# [What is being asked]
Could you reproduce the lines below from the one with "Medium shag haircuts" through the one with "Konec školního roku"? Keep both ends and add nothing.

(Recorded data)
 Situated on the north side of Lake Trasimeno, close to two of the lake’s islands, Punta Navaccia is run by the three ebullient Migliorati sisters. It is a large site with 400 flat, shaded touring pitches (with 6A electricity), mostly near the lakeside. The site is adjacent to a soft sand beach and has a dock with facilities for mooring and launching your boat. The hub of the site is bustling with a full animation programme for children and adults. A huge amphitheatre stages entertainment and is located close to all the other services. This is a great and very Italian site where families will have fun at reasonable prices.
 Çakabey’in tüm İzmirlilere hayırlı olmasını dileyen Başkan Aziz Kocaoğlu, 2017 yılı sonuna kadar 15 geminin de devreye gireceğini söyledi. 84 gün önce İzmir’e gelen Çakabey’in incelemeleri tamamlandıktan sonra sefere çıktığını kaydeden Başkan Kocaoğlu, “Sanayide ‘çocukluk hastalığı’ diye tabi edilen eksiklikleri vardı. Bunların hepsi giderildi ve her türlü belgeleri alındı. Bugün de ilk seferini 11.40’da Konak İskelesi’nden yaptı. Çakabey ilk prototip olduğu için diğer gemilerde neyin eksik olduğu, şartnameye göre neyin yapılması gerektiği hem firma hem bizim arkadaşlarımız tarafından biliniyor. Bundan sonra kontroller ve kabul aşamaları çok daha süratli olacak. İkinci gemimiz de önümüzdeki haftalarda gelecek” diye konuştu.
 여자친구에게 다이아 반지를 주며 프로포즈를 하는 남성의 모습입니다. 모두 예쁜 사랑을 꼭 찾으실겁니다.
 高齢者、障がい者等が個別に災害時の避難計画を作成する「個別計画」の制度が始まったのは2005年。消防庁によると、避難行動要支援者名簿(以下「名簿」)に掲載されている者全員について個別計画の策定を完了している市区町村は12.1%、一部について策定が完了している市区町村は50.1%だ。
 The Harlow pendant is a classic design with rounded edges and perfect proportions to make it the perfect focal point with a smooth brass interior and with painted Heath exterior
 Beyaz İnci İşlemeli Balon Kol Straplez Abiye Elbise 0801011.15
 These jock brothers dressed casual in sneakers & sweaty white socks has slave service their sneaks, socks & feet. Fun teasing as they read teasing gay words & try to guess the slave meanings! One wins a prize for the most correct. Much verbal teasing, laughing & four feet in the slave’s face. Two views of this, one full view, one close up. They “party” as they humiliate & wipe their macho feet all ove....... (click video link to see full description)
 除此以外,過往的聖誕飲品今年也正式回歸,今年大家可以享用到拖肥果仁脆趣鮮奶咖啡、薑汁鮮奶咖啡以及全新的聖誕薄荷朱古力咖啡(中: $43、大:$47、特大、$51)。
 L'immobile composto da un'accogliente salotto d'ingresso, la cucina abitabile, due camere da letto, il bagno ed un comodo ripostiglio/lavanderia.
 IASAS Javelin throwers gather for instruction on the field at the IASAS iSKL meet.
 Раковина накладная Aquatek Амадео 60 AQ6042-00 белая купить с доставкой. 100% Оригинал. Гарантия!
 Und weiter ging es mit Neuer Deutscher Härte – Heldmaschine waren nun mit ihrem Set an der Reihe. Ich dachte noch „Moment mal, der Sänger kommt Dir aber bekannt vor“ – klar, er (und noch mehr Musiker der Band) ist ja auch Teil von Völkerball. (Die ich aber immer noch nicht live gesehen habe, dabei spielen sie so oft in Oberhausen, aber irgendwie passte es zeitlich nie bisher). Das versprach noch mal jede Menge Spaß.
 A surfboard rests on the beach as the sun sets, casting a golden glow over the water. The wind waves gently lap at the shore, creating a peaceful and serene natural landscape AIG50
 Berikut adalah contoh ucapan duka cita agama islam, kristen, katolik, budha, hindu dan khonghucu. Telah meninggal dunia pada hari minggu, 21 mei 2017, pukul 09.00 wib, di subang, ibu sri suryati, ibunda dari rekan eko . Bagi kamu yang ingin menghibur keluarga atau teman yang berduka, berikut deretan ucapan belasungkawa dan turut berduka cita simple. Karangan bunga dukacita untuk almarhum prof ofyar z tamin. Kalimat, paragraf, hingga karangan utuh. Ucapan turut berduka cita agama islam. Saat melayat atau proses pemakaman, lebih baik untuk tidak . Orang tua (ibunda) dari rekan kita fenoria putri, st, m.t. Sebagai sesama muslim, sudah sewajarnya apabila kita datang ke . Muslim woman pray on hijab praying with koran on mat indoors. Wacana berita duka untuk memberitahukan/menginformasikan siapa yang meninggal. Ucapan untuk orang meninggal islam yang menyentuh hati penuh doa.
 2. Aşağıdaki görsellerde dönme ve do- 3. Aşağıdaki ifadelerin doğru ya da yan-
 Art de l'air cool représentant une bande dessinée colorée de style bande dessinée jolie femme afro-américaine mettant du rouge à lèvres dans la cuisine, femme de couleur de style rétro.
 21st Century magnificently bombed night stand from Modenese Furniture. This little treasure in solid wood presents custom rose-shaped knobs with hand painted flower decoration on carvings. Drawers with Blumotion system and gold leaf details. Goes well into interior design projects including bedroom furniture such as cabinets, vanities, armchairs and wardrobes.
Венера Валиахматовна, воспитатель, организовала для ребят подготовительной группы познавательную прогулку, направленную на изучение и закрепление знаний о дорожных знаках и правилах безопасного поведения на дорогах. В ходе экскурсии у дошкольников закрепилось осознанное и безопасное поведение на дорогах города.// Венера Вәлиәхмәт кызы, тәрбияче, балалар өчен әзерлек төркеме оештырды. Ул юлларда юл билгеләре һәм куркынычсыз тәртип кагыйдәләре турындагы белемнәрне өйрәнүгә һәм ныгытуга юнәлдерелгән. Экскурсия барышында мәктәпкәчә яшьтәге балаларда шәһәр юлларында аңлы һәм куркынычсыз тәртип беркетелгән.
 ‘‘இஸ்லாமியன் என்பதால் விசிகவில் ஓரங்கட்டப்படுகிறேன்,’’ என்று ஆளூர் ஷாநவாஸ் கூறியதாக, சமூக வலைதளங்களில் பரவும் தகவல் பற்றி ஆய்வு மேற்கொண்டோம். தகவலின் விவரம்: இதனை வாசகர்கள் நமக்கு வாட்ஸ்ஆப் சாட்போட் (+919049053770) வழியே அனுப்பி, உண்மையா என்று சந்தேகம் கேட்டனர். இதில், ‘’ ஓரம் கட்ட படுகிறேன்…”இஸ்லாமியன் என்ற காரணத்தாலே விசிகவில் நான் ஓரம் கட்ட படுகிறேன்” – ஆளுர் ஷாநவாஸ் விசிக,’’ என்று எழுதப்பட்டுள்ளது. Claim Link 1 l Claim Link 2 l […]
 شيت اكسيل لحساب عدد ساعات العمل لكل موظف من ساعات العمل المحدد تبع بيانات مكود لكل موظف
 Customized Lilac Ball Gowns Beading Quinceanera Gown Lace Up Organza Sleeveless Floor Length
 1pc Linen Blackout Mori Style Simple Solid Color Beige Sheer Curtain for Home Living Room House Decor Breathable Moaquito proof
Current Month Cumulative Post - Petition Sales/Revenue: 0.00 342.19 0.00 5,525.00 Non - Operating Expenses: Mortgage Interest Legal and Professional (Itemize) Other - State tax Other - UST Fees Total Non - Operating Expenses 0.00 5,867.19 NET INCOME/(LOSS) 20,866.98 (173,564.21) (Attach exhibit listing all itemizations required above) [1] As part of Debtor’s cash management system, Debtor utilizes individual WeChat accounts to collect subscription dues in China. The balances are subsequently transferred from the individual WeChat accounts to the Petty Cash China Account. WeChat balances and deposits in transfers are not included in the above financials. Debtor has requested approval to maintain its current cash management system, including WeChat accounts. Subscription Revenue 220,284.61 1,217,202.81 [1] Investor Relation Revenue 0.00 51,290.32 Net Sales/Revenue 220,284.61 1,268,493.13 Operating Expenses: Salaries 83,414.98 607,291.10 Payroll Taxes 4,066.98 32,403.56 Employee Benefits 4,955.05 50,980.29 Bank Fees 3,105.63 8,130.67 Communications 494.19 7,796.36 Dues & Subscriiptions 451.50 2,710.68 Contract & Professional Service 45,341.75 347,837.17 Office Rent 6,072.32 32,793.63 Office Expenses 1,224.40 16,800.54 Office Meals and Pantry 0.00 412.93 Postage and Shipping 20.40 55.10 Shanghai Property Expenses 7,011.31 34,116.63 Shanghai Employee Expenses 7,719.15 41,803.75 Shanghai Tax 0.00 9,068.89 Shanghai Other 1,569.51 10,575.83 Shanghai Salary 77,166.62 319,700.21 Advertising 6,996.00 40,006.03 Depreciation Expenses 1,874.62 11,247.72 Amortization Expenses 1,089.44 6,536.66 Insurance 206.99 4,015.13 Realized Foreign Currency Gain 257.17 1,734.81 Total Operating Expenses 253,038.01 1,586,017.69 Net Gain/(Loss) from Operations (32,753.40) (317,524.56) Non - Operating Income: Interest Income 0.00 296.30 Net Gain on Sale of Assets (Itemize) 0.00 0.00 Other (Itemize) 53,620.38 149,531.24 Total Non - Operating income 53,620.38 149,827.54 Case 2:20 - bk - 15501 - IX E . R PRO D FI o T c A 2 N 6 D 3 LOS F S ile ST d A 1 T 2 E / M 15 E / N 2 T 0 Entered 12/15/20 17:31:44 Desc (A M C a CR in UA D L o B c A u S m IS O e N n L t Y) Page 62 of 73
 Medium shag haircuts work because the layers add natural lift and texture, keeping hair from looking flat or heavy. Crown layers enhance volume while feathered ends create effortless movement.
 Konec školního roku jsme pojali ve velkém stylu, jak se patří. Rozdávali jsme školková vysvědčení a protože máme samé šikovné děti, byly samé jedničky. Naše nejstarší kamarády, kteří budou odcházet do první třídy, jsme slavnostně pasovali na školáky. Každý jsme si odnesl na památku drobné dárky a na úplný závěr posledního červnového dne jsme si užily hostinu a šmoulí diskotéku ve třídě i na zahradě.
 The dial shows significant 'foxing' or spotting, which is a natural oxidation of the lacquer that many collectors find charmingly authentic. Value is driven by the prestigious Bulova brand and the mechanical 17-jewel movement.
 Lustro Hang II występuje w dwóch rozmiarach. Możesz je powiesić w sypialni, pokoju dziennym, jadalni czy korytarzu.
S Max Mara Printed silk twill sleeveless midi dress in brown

# [Response area]
 Medium shag haircuts work because the layers add natural lift and texture, keeping hair from looking flat or heavy. Crown layers enhance volume while feathered ends create effortless movement.
 Konec školního roku jsme pojali ve velkém stylu, jak se patří. Rozdávali jsme školková vysvědčení a protože máme samé šikovné děti, byly samé jedničky. Naše nejstarší kamarády, kteří budou odcházet do první třídy, jsme slavnostně pasovali na školáky. Každý jsme si odnesl na památku drobné dárky a na úplný závěr posledního červnového dne jsme si užily hostinu a šmoulí diskotéku ve třídě i na zahradě.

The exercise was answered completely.